The Equality Trust was promoting the evidence of a new book, The Spirit Level, about the effects of income inequality on society. According to the speakers, its main insight is that income inequality is closely linked to social well-being as measured by health, crime and various other statistics, with the surprise being that the correlation is just as strong among the rich as the poor.
For today's budget, Capital Ravings has put aside its alcopops and spam cartons to work with the Equality Trust's political wing, campaign group OneSociety, in assessing what the budget means for inequality. Here's the summary:
Alistair Darling’s proposal for a global bank levy is a welcome step in combating income inequality in the UK, but he has left much for the next government still to do.
Since the financial crisis bail-out, most political parties agree that it is unacceptable for banks to overgear and make speculative trades at public risk. Darling’s proposed levy on risky bank activities falls on banks rather than individuals, but it will lean against the growth of income inequality by reducing the possibilities for banks to offer high pay for activities underwritten by the state.
The levy would reduce systemic risk and contribute to other bank reforms, such as higher capital and liquidity requirements. It should increase discipline among banks that face little competitive constraint, help to de-risk the sector, raise significant tax revenues and curb excessive financial remuneration. It would be best if adopted internationally but the UK should be willing to act unilaterally, given its special vulnerability to banking. Given the US and other G20 countries’ support for the idea, the UK would probably not be alone for long.

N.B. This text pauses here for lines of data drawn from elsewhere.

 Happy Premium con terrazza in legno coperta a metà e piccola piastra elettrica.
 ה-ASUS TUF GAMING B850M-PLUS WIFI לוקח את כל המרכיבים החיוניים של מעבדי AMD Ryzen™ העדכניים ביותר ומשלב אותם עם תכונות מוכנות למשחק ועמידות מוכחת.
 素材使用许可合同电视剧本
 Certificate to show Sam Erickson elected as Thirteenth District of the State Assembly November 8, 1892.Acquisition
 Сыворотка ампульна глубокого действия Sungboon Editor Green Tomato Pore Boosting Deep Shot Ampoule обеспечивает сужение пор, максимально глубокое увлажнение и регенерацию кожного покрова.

However, the bank levy is only a first step. Excessive financial pay imposes many costs on society, from wasted investment to under-performing pensions and billion-pound bail-outs. It also feeds social problems by driving income inequality to extremes, to the disadvantage of everyone in society, at the top and the bottom.

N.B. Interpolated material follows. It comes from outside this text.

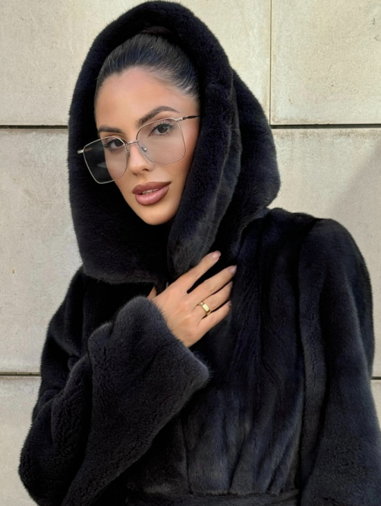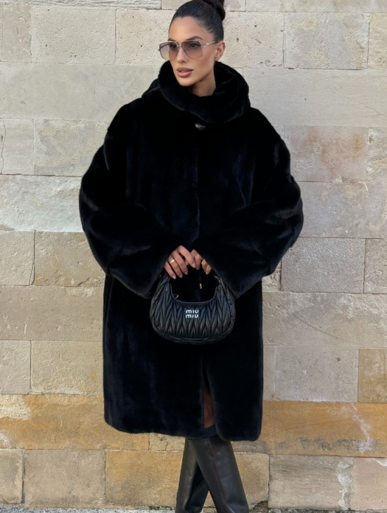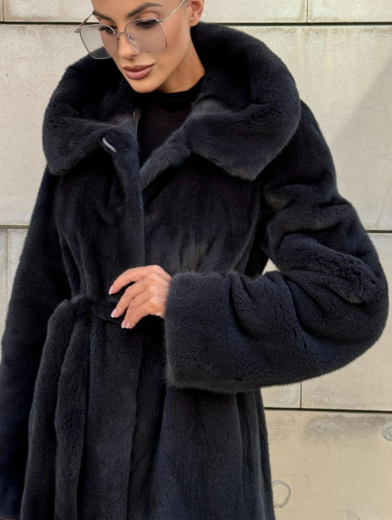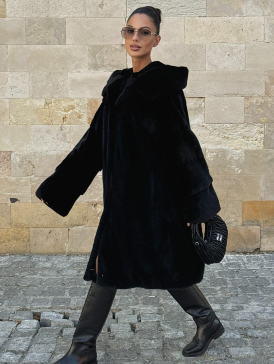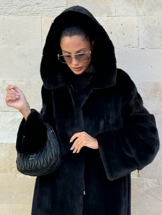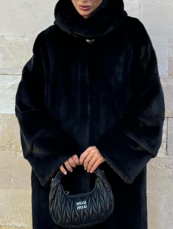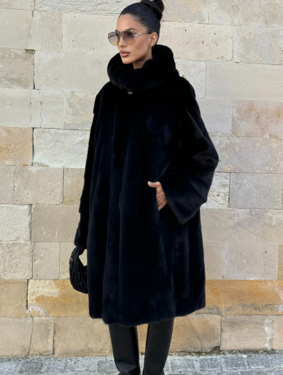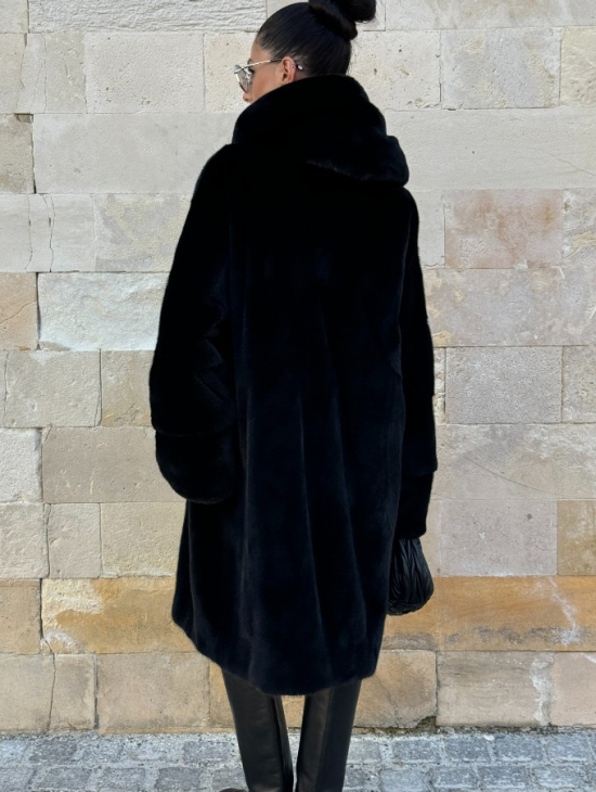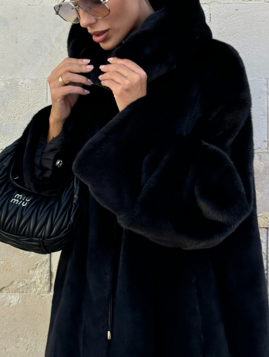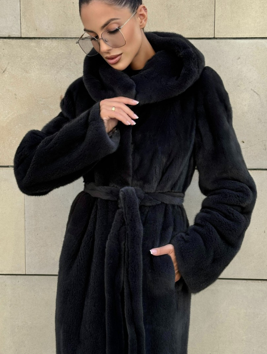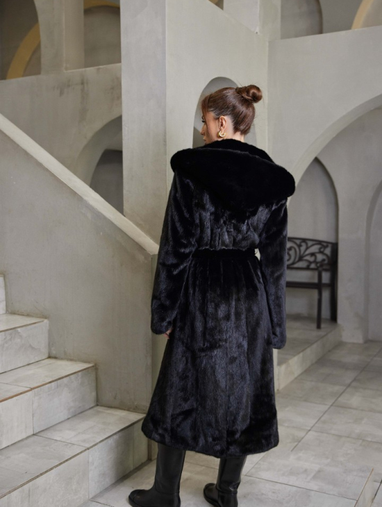Классическая норковая шуба с капюшоном кобра черного цвета

Disappointingly, the Chancellor chose not to re-impose his one-off bonus tax, despite its success and popularity outside the City. He should therefore hurry to fix the root causes of excessive financial and executive pay, wherever there is evidence that it causes harm.
The first step is for the government to demand a full competition review of investment banking, whose fees were recently described by the Association of British Insurers as a “deadweight cost” on the country’s savers. Office of Fair Trade chairman Philip Collins said last week that his department would take an initial look at the industry; we would like to see this become a formal review as soon as possible. The second step is for financial regulators and politicians to include income equality among their criteria for assessing the many financial reform ideas now under investigation.

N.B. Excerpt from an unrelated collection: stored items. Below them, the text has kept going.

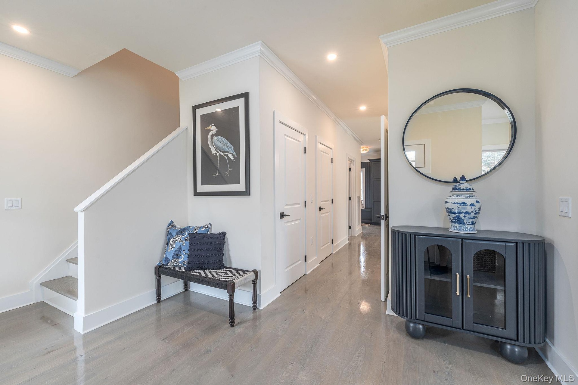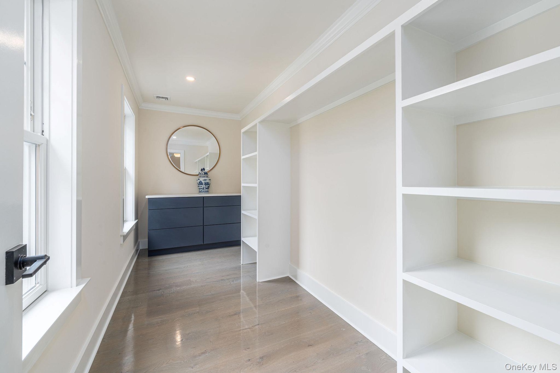 - Hall with light wood finished floors, ornamental molding, recessed lighting, and built in shelves
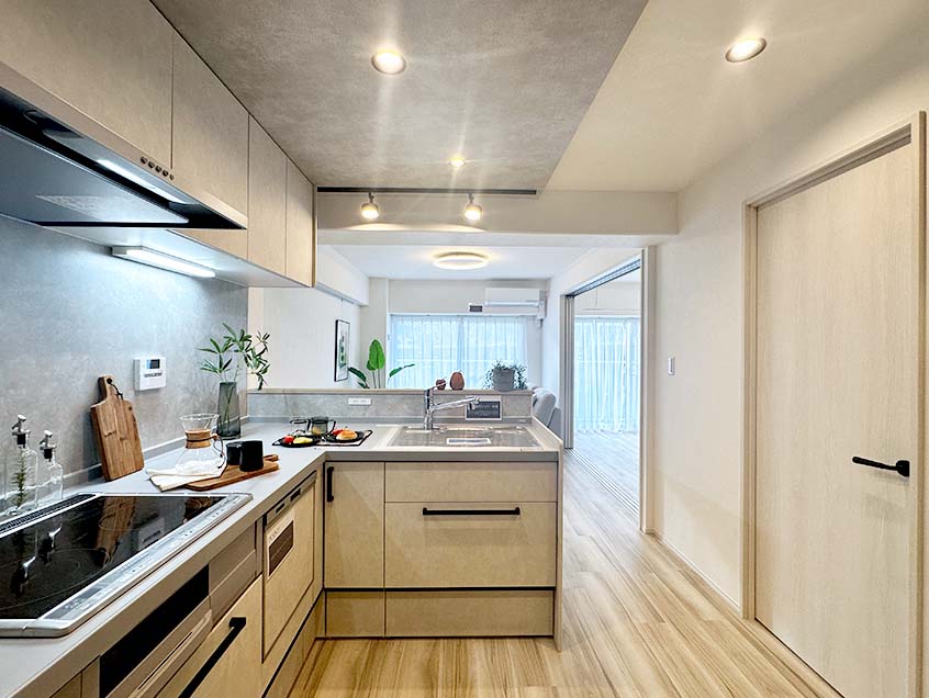 IHコンロ、浄水器付き水栓、食洗機を完備したシステムキッチン
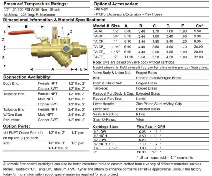TRI AUTO FLO ; MECHANICAL SPECIFICATION AND ORDERING FORM; Tri Auto Flo is a combination isolation Valve, Union, Pressure and Temperature port which is equipped with a Tri Auto Flo cartridge, which is capable of maintaning the flow within +/- 5% of actual flow rate between 2-50 PSID differential pressure across the cartridge. The Tri Flo forged brass body insures multiple taps, reliable leak free performance and additional accesories to accomodates variable piping configurations. Tri Flo Tech is capable of manufacturing the cartridges to maintain the flow to decimal increments such as 1.1 G.P.M., 1.2 G.P.M. thru 1.9 in all flow rates. Please Remove the cartridges from line when flushing the system.
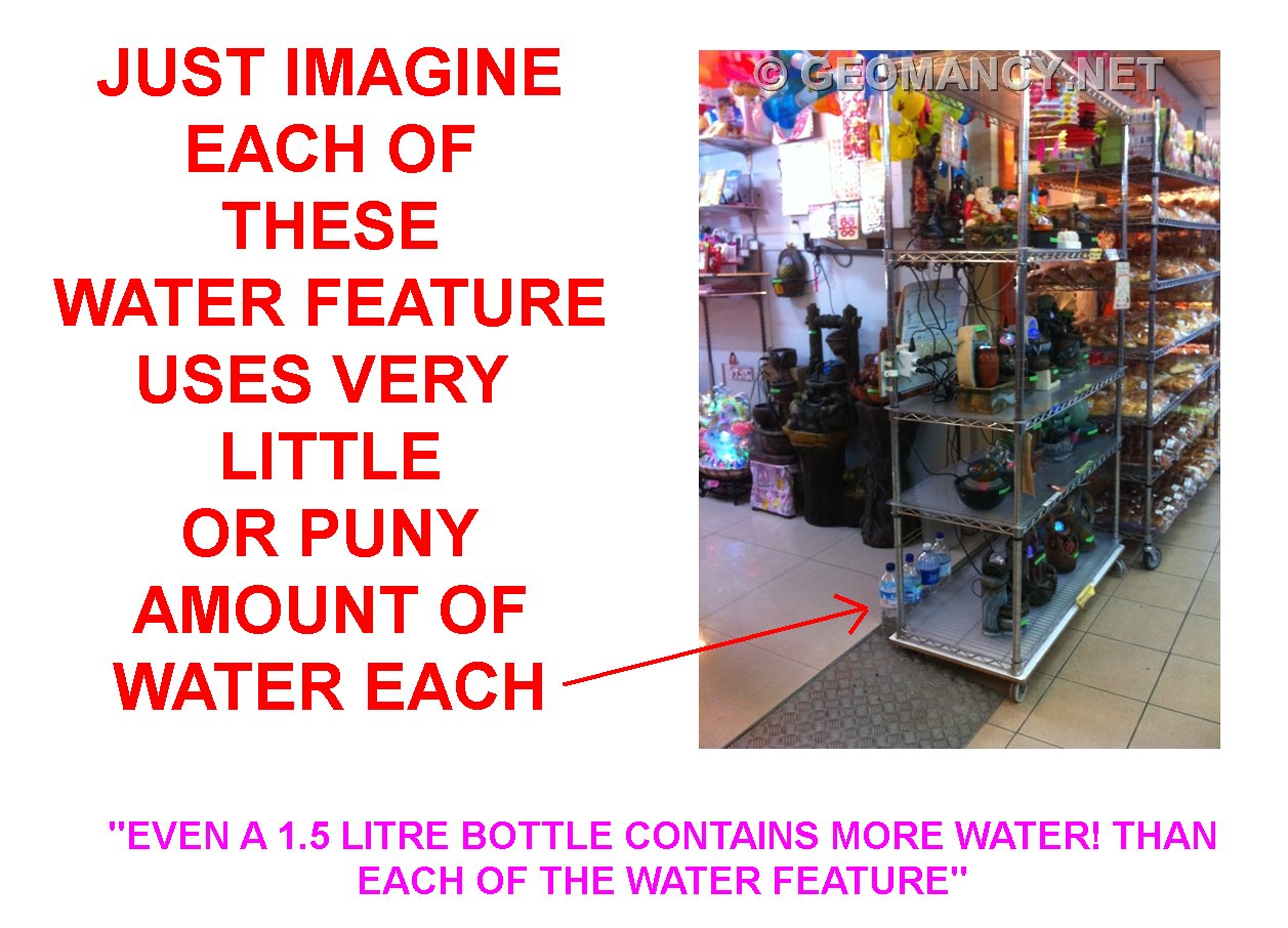 Posted September 18, 201213 yr Staff Further to whatI had written earlier:On the ground, behind the displays are empty water bottles. The owner of the shop uses such bottles to replenish water in each of their PUNY (tiny weany) water feature....A single small drinking bottle is sufficient to fill each of the water "feature".I believe, one should not consider each of the displays as a water feature. But rather a too small, too useless water position. Quote On 9/18/2012 7:13:02 PM, Anonymous wrote:1. Contrary to popular belief;activating such a waterfeature (see photos) isinsignificant.2. Perhaps, theonly thing that some may endup activating is theactivation by the bank tocancel one's already roll-overheavily indebted creditcards.. 3. Plus a call awayfrom the bank to make thatperson a bankrupt!4. Morale ofthe story: "Often, in the pastand even today, I visit a newclient and guess what... thispiece of "junk" is put away... or left forgotten... 5. Ashow many of us have the sillytime to always top up thewater for such a puny waterfeature?
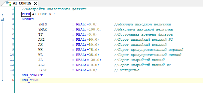 4. В редакторе структурной переменной "AI_CONFIG" объявите настроечные переменные.
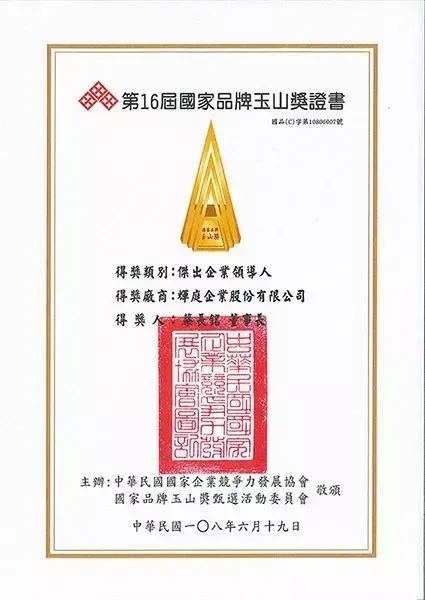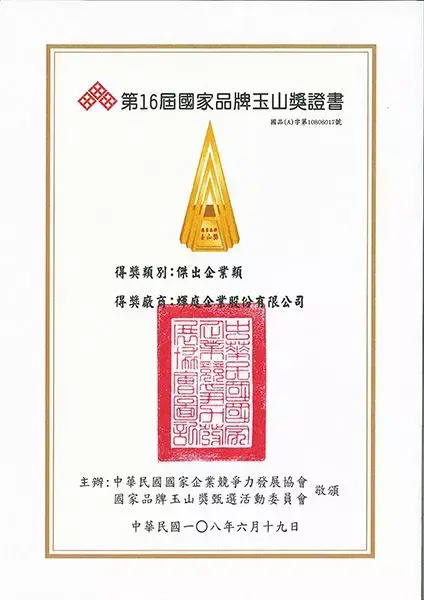 Премия «Национальный бренд Юшань» отбирает наиболее конкурентоспособные корпоративные модели, чтобы побудить тайваньские компании усердно работать и стремиться к созданию имиджа национального бренда. Благодаря управлению локализацией, качественному дизайну продукции и активному внедрению полностью автоматических процессов и управления на протяжении более 30 лет группа Huei Tyng получила две награды «Премия выдающихся бизнес-лидеров» и «Премия выдающегося предприятия».

The budget sent a strong signal to offshore tax evaders but missed the big prize of bringing non-doms further into the tax net. It also missed the chance to address executive pay, which has soared across all industry sectors. The main culprits for this are well known: overly “clubby” remuneration committees, headhunters who ratchet pay ever upwards, and institutional shareholders who are reluctant to tackle boardroom pay (perhaps because many are themselves handsomely remunerated). The Chancellor did say he would look for ways to help shareholders tackle executive pay, but only in financial services. Whatever he finds should be extended to all sectors. Meanwhile, are some corporate governance ideas we would like to see given more weight by the next government:
- more employees on remuneration committees
- ban on reciprocal memberships of different remuneration committees
- limits on the gap between highest and lowest paid employees (or pay ratio)
- alternatives to short-term executive incentives
- create a High Pay Commission to support shareholders wanting to challenge pay
The Chancellor’s focus on small and medium sized enterprises, through changes to business rates and the allocation of government contracts, will assist many middle income individuals and businesses.
At the lower end of the inequality spectrum, the Chancellor’s proposals for universal bank accounts could bring the benefits of payment systems and credit histories to many excluded people. However, implementation by the banks must be closely watched to ensure that vulnerable customers do not face higher exposure to predatory lending as a result.